The U.S. economy has been sending out mixed signals this year. Gross domestic product, or GDP, went backward in the first half of 2022. But the job market has stayed strong. Employers are adding an average 438,000 jobs a month this year, on pace to be the second-best year for hiring (behind 2021) in government records going back to 1940. Unemployment is at 3.7 percent, low by historic standards. There are currently about two jobs for every unemployed American.

But the Fed has raised interest rates five times this year – most recently Sept. 21 – to rein in consumer prices, which were up 8.3 percent in August from a year earlier despite plummeting gasoline prices. Higher borrowing costs raise the risk of a recession and higher unemployment. “We have got to get inflation behind us,″ Fed Chair Jerome Powell said last week. “I wish there was a painless way to do that. There isn’t.″

Thursday’s report was the Commerce Department’s third and final take on second-quarter growth. The first look at the economy’s July-September performance comes out Oct. 27. Economists, on average, expect that GDP returned to growth in the third quarter, expanding at a modest 1.5 percent annual pace, according to a survey by the data firm FactSet.

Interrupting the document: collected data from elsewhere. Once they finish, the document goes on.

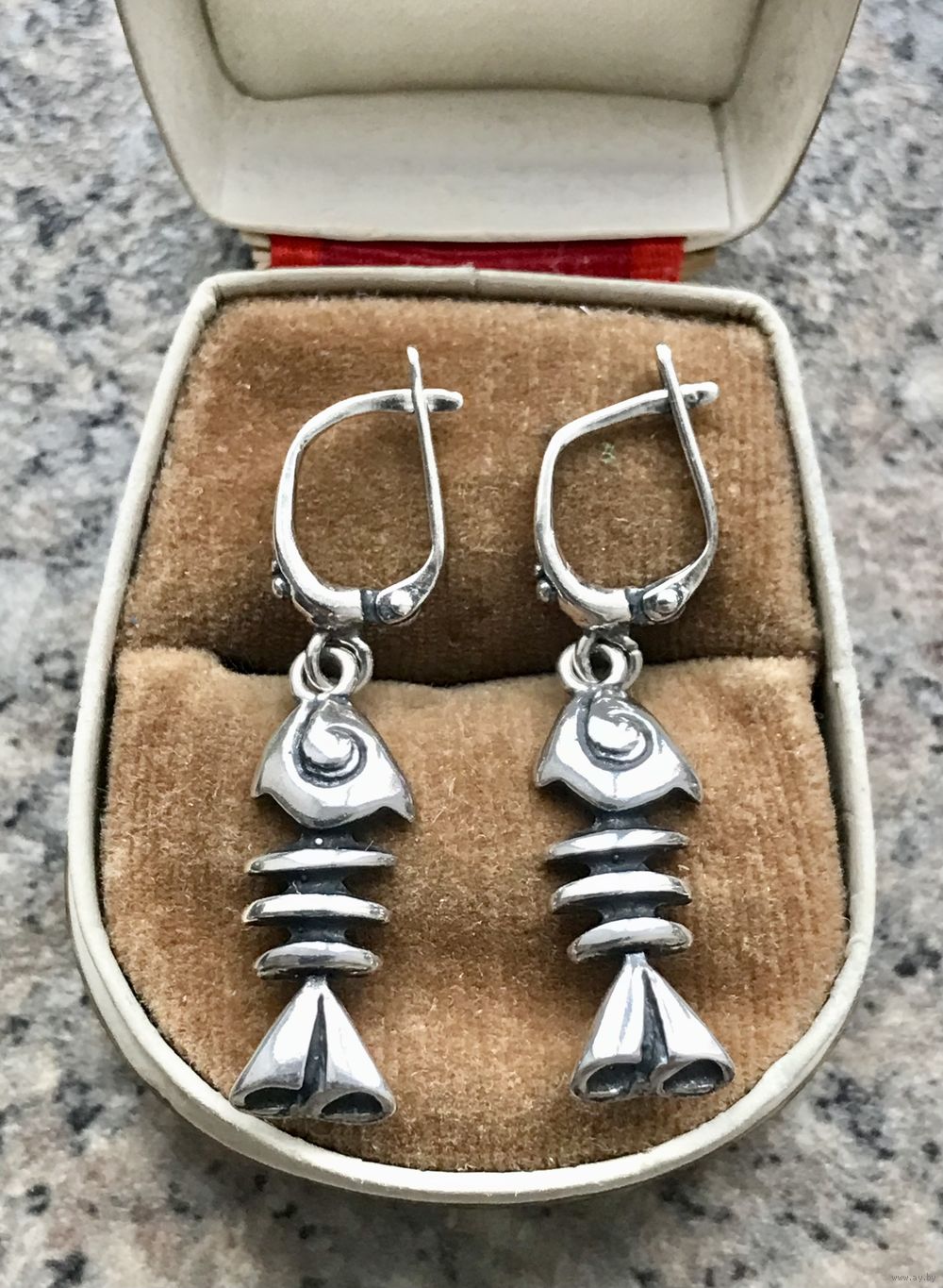 Серьги из металла с глубоким серебрением. Высота 3,5см., состояние хорошее.
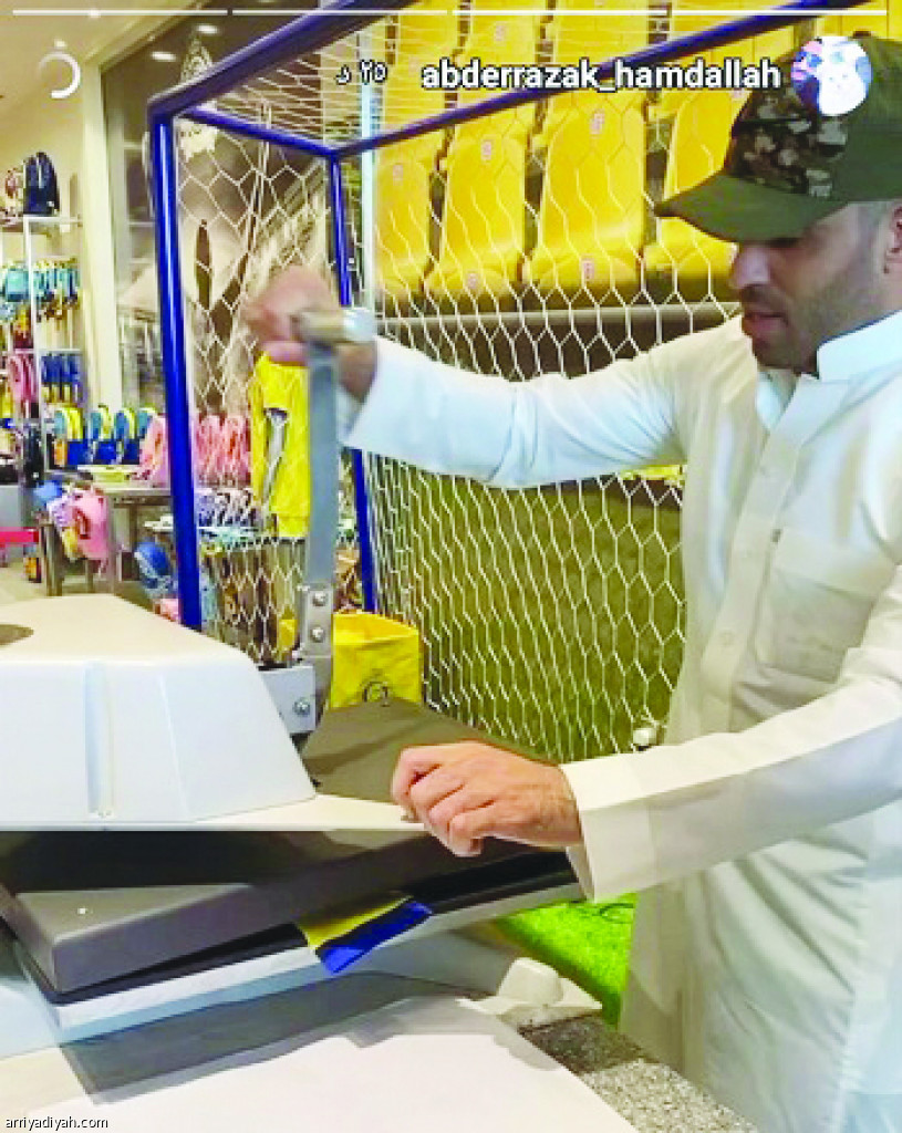 أطلَّ المغربي عبد الرزاق حمد الله، مهاجم فريق النصر الأول لكرة القدم، على متابعي حسابه في “إنستجرام” بفيديو من زيارته متجر النادي، حيث ظهر يطبع اسم ابنه محمد ريان على قميص النادي.
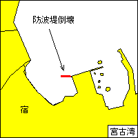 区 域 下記2地点を結ぶ線上 (1) 39-41-18.4N 141-58-13.9E (2) 39-41-18.3N 141-58-12.2E 海 図 W54(分図「宮古湾」) 出 所 二本部海洋情報部
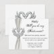 Vous organisez un mariage ? Vous avez besoin que vos amis vous tiennent la main, vous aident à vous organiser et vous rendent parfaite pour votre grand jour. Faire sa demande est facile avec cette carte de demoiselle d'honneur. Personnalisez la carte en changeant le texte dans les champs fournis au recto et au verso. Vous pouvez changer le style de police, la taille et la couleur, ainsi que le type et le style de papier.
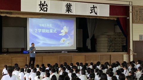 始業式では、代表児童が二学期に向けての抱負を堂々と発表することが出来ました。
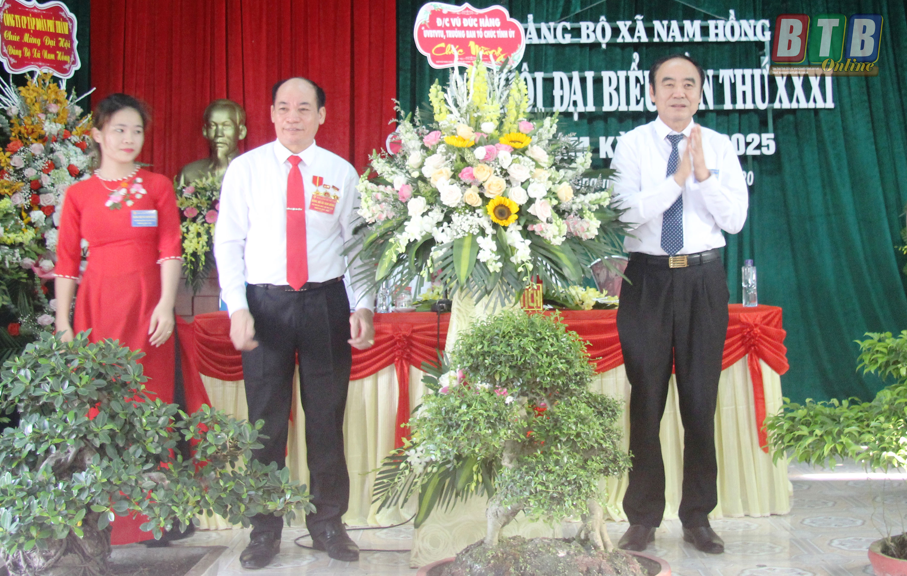 Đồng chí Vũ Đức Hằng, Ủy viên Ban Thường vụ, Trưởng ban Tổ chức Tỉnh ủy tặng hoa chúc mừng đại hội Đảng bộ xã Nam Hồng (Tiền Hải).
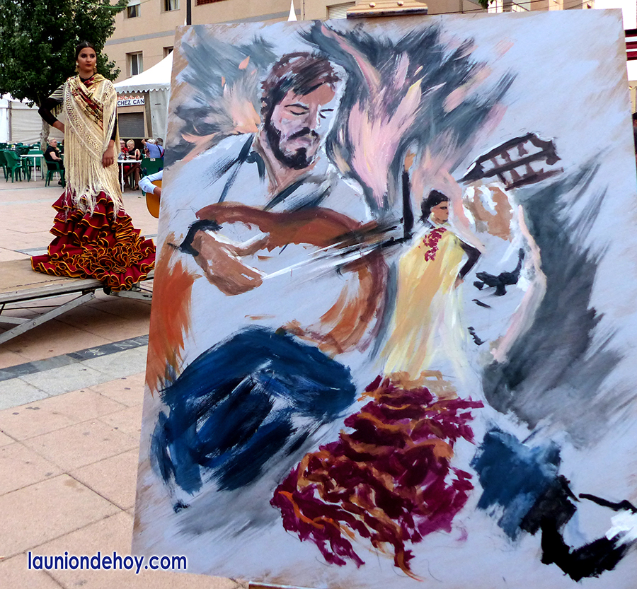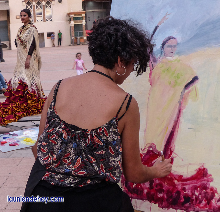 Los viandantes que ayer tarde pasaron por la plaza Joaquín Costa, transformada en la ‘Avenida del Flamenco’ durante el Festival del Cante de las Minas, pudieron ver la elaboración de obras pictóricas, desde el primer contacto del pincel con el lienzo hasta el último, además de observar las diferentes perspectivas y conceptos de cada artista.
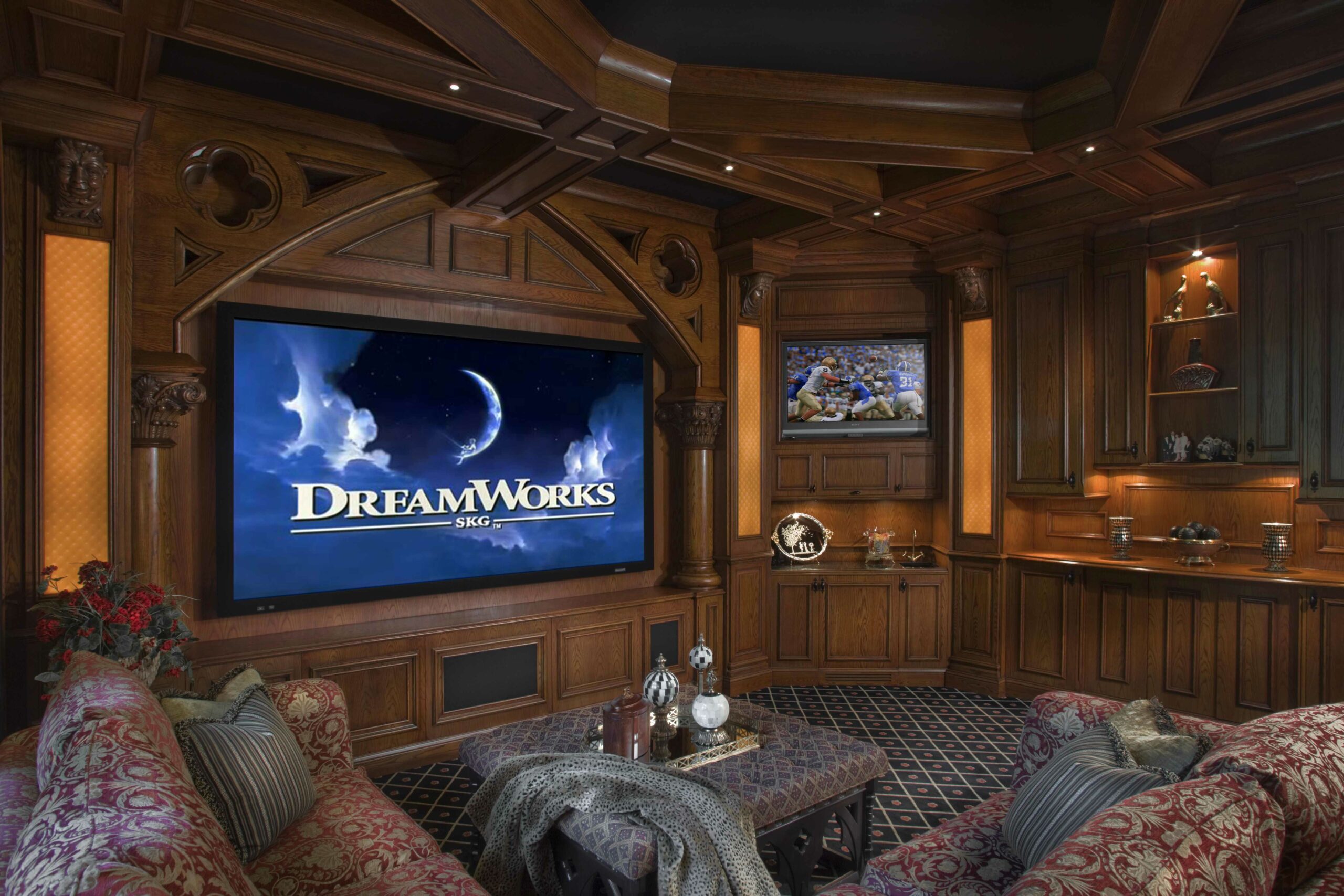 The main requirement for living room theaters is ample space. You will need all the space you can get to maximize the seating area to watch the movie. Before selecting the furniture and decoration you need for such concept, it is important to measure the dimension of living room interior. Once you get proper measurement of the living room dimension, you can start calculating what it takes to create pleasant living room with theaters concept.

Commerce also on Thursday released revised numbers for past years’ GDP. The update showed that the economy performed slightly better in 2020 and 2021 than previously reported. GDP rose 5.9 percent last year, up from the previously reported 5.7 percent; and, pounded by the coronavirus pandemic, it shrank 2.8 percent in 2020, not as bad as the 3.4 percent previously on record.

GDP remained unchanged for 2018 (2.9 percent) and 2019 (2.3 percent). Growth for 2017 was downgraded slightly – to 2.2 percent from 2.3 percent.